§ **Material provided**
-- Opening Marker --
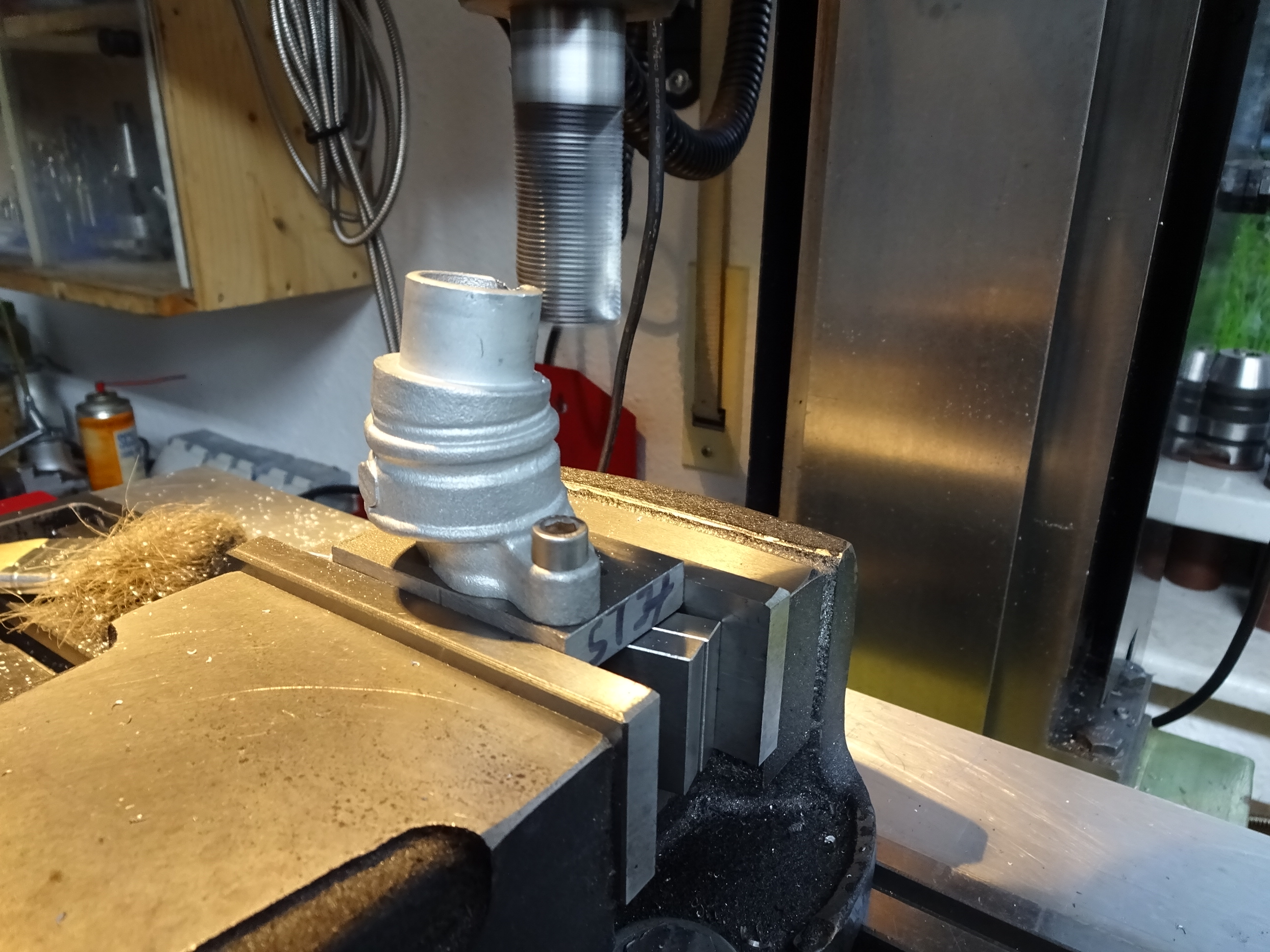 Hm in die Drehbank spannen, nicht so dolle und einfach so kann ich den auch nicht auf die Fräse spannen. Also Hilfshalter erstellen, damit ging es perfekt.
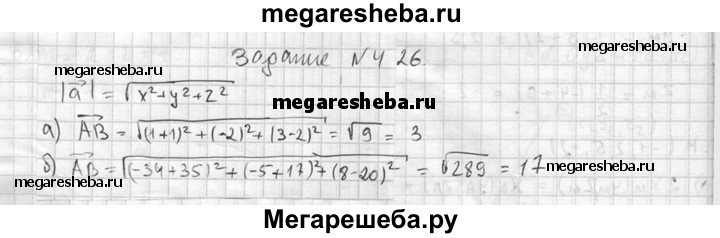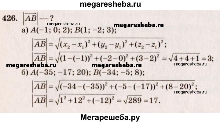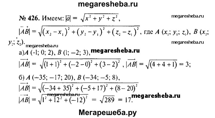 426. Найдите длину вектора АВ, если: а) А(-1; 0; 2), В(1; -2; 3); б) А(-35; -17; 20), В(-34; -5; 8).
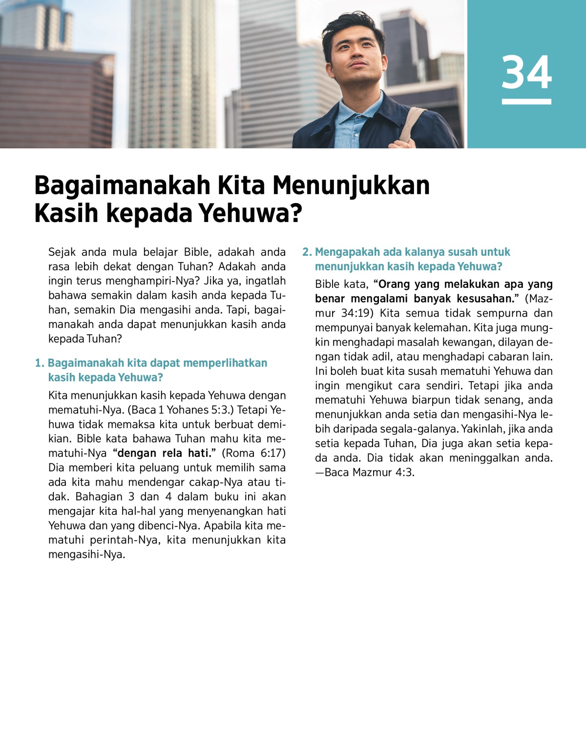 Kita menunjukkan kasih kepada Yehuwa dengan mematuhi-Nya. (Baca 1 Yohanes 5:3.) Tetapi Yehuwa tidak memaksa kita untuk berbuat demikian. Bible kata bahawa Tuhan mahu kita mematuhi-Nya “dengan rela hati.” (Roma 6:17) Dia memberi kita peluang untuk memilih sama ada kita mahu mendengar cakap-Nya atau tidak. Bahagian 3 dan 4 dalam buku ini akan mengajar kita hal-hal yang menyenangkan hati Yehuwa dan yang dibenci-Nya. Apabila kita mematuhi perintah-Nya, kita menunjukkan kita mengasihi-Nya.
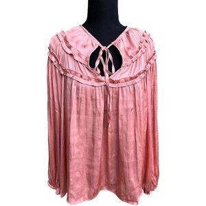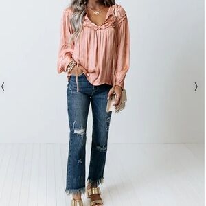 We have no doubt this darling peach colored top will become a staple in your wardrobe with its sleek lightweight and flowy material, cute ruffled and cinched detailing around the shoulders, a v-cut neckline with a tie-closure, long bubble sleeves, and a relaxed silhouette that falls into a straight hemline!
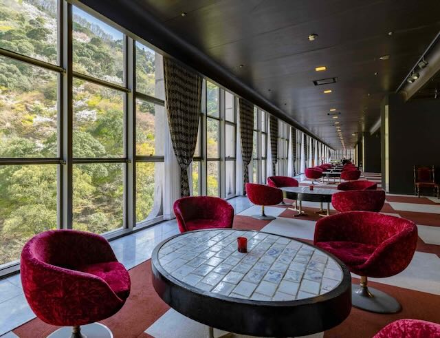 奥道後 壱湯の守の本館は、一級河川・石手川の渓流に沿って建ち、まるで川に迫り出すような立地が特徴です。今回の改修では、石手川沿いの大自然をより身近に感じていただけるよう、京都の文化として国内外に知られる「川床」を取り入れ、愛媛ならではの新たな魅力を創出しました。源泉かけ流しの露天風呂付き客室は、川に近い最下階に位置し、自然の渓谷を存分にお楽しみいただける空間としました。客室内は、日本の伝統美である蒔絵をコンセプトにした色彩でまとめ、日本の伝統と自然に包まれながら、心静かに身をお寛ぎいただけるしつらえとなっています。昼は杉立山の深い森が広がる雄大なパノラマ、夜は対岸のライトアップが幻想的な雰囲気を演出し、時間帯ごとに異なる景観をお楽しみいただけます。
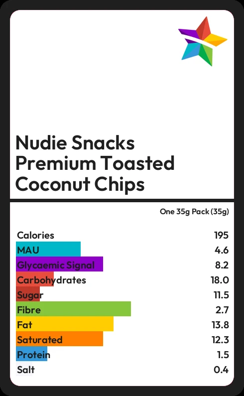 Nudie Snacks Premium Toasted Coconut Chips contains 11.5g sugar in one 35g Pack (35g) - that is around 3 cubes of sugar.
-- Closing Marker --
Every line from the one containing "奥道後 壱湯の守の本館は、一" to the end of the material above is to be returned exactly, with the pictures left out.

 奥道後 壱湯の守の本館は、一級河川・石手川の渓流に沿って建ち、まるで川に迫り出すような立地が特徴です。今回の改修では、石手川沿いの大自然をより身近に感じていただけるよう、京都の文化として国内外に知られる「川床」を取り入れ、愛媛ならではの新たな魅力を創出しました。源泉かけ流しの露天風呂付き客室は、川に近い最下階に位置し、自然の渓谷を存分にお楽しみいただける空間としました。客室内は、日本の伝統美である蒔絵をコンセプトにした色彩でまとめ、日本の伝統と自然に包まれながら、心静かに身をお寛ぎいただけるしつらえとなっています。昼は杉立山の深い森が広がる雄大なパノラマ、夜は対岸のライトアップが幻想的な雰囲気を演出し、時間帯ごとに異なる景観をお楽しみいただけます。
 Nudie Snacks Premium Toasted Coconut Chips contains 11.5g sugar in one 35g Pack (35g) - that is around 3 cubes of sugar.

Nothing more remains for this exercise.